Потом искал забвения в чужой крови, уничтожая тех, кто в ужасе отворачивался, узрев мой второй облик. Но оно не приходило, только все больше становилось тех, у кого отвращение вызывала не только моя внешность, но и мое имя. Имя великого рода…

Кресло с мягкими подушками приняло мое искореженное тело. Не человек, не зверь…

После того как я разрешил себе вкусить яд ненависти, ночь стала моей самой верной подругой, позволяя вновь и вновь наслаждаться той местью, которую я приготовил для Круга шести.

Но прежде чем возмездие настигнет князей, его почувствует на себе она — лери клана охраняющих, нимера. В ту ночь полнолуния, когда наша жизнь раскололась на до и после, она не должна была допустить призыва древних сил. Но она произнесла последнее слово, определившее нашу судьбу.

И меня не остановит то, что виновная уже давно ушла к предкам. Ее правнучка ответит за содеянное.

Мысли сменились дремой. Сопоставляя доходившие до меня слухи, я догадывался, что князья других кланов предпочитали проводить это время несколько иначе — унимали свою боль, отбирая чужие жизни. Жажда убивать была и у меня, но я научился с нею бороться и предпочитал день отдавать заботам о подданных, а ночь — мечтам и отдыху. Придет время, и я возьму все, ради чего укрощал свою звериную сущность.

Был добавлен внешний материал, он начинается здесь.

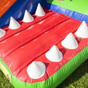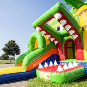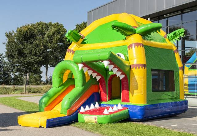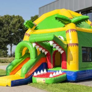 Ez a vidám krokodilos ugrálóvár a legnépszerűbb témák közé tartozik, szemet gyönyörködtető színei vonzzák a tekinteteket. Két széles körben népszerű játék kombinációja ez a légvár: az ugráló és a csúszda keveréke. Az ugrálóvár elülső részén egy hatalmas krokodil található a bejáratnál, és rögtön mellette a kijárat egy csúszdával ér véget. Az ablakoknak köszönhetően a szülők, a felügyelők és a gyerekek is jól látják, mi történik a légvár belsejében, és a szellőzés is remekül megoldott. A tető szuper kültéri használatra: megvédi a gyerekeket a csapadéktól és az UV sugárzástól. Valóban szórakoztató ugrálóvár minden kicsi és nagy gyermek számára!

Открыл я глаза, когда рассвет окрасил горные вершины в искрящийся розовый цвет. В который раз отметив странность, на которую уже давно обратил внимание. Возвращение в человеческую форму не было столь болезненным, как ночное превращение в зверя. В последнее время я ее совсем не замечал.

Старый слуга (присутствие которого мои инстинкты игнорировали, так как я безоговорочно принял его верность), заметив, что я проснулся, протянул мне чашу с дымящимся отваром. Неполная трансформация отнимала много сил.

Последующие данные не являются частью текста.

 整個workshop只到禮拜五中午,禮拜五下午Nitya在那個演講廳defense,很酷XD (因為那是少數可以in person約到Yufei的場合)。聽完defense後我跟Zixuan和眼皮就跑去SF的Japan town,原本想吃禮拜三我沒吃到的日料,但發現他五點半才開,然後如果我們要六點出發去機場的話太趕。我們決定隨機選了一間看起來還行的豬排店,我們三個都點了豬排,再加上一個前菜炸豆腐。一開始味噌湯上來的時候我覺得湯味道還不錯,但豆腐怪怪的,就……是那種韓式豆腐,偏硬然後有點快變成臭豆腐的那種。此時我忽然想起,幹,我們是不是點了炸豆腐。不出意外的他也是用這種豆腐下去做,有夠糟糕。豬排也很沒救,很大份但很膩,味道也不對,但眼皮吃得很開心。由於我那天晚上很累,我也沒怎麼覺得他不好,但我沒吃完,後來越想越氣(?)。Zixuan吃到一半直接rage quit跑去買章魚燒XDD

— Что нового от смотрящих? — Первый глоток смочил пересохшее горло, унося с собой боль.

— Над Самар’Ин поднялся белоснежный вымпел. Говорят, всплеск силы ощутили даже маги в Вольных землях. Гонцы принесли в наемничьи кланы весть — лери охраняющих зовет воинов под свои знамена. Смотрящие рассказывают о разговорах на торговых дворах. Есть сведения, что лери успела скрыть от своей сестры место, где хранится золотой запас рода.

— Только не скрыла, — скривился я. Я не мог судить, насколько годы изгнания изменили Талину, но тот ее поступок меня не столько удивил, сколько заставил задуматься. Ей достаточно было привести совет к потайному месту, и ложь не коснулась бы ее имени. Нарушившая клятвы рода просто не смогла бы прикоснуться к древним символам — страх мучительной смерти не позволил бы ей этого. — Спасла.